Complex numbers are an extension of the real numbers and include quantities that have a real part and an imaginary part. The imaginary unit is denoted as \(i\), where \(i^2 = -1\). This means complex numbers can be expressed in the form \(a + bi\), where \(a\) and \(b\) are real numbers.

• The real part of the complex number is \(a\), and the imaginary part is \(bi\).
• Complex numbers are particularly valuable in solving polynomial equations that do not have real solutions.
• They are also crucial in electrical engineering, signal processing, and quantum mechanics.

In the given exercise, \(-3i\) is a zero of the polynomial. Because complex roots occur in conjugate pairs, \(3i\) is also a zero. The concept of conjugate pairs improves our ability to factor polynomials like \(P(x)\) into real-valued equations.

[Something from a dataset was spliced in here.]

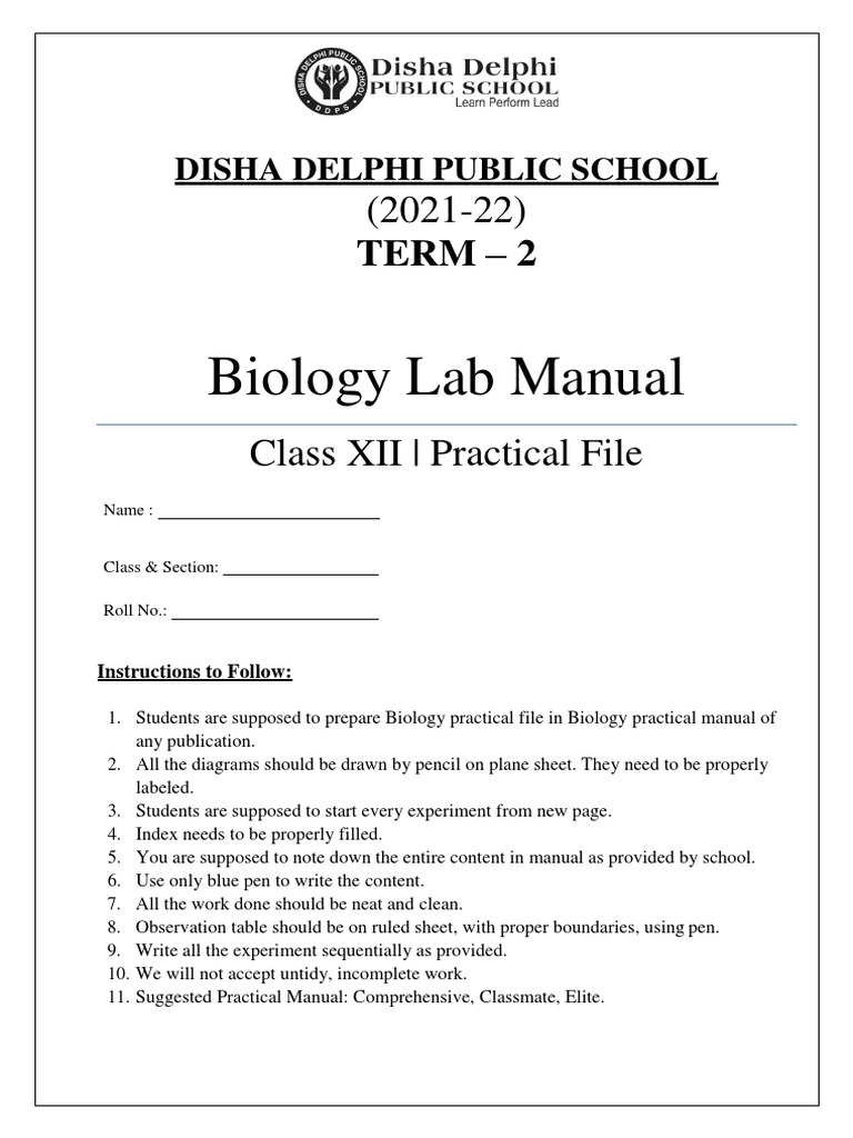 Lab Manual/Practical Manual Archives S. DINESH PUBLICATIONS Biology Lab Manual Class 12 Get here cbse lab manual class 12 with solutions to help score better in practical exams. The present laboratory manual will be complementary to the textbook of biology for class xii. Here is the ncert class 12 biology lab manual provided in pdf format that can be used by the students who follow ncert. Cbse class 12 biology lab manual. Biology Lab Manual Class 12.

Polynomial division is a method used to divide a polynomial by another polynomial of equal or lower degree. It's analogous to the long division you might know from arithmetic, but there are some specific rules due to the variables involved.

• There are two common methods: synthetic division and long division.
• Synthetic division is often easier and faster, but it only works when dividing by linear terms like \(x - a\).
• Long division is more versatile and can be used with any polynomials.

In the exercise, we divided \(P(x)\) by \(x^2 + 9\) using these methods, which helps reduce the polynomial's degree and find its linear factors. This is crucial for breaking polynomials down into simpler components.

The Rational Root Theorem is a powerful tool for finding rational roots of a polynomial equation. It states that any rational solution \(\frac{p}{q}\) of a polynomial equation with integer coefficients is such that \(p\) (the numerator) is a factor of the constant term, and \(q\) (the denominator) is a factor of the leading coefficient.

• This theorem helps in finding potential rational roots to test by substituting into the polynomial.
• Once a rational root is found, it is used to factor the polynomial.
• This often reduces the degree of the polynomial, making it easier to solve or factor further.

By applying the Rational Root Theorem in the exercise, we attempted to find rational roots of the cubic polynomial \(x^3 + 2x^2 + x + 2\). This step is key to simplifying and factoring the polynomial completely.

Cubic polynomials are third-degree polynomials, which means they have the general form \(ax^3 + bx^2 + cx + d\). Solving and factoring cubic polynomials can be more challenging than linear or quadratic polynomials but can be simplified using specific techniques.

• Factoring cubic polynomials often involves recognizing patterns or using algebraic methods like synthetic division.
• For complete factorization, finding at least one real or rational root is necessary.
• Once a real root is discovered, we can perform polynomial division to factor the polynomial further.

In the exercise, after obtaining \(P(x)\) as \((x^2 + 9)(x^3 + 2x^2 + x + 2)\), the next task was to factor the cubic polynomial \(x^3 + 2x^2 + x + 2\). By finding suitable rational roots, we succeeded in simplifying it to \((x + 2)^2(x + 1)\), demonstrating the utility of such techniques.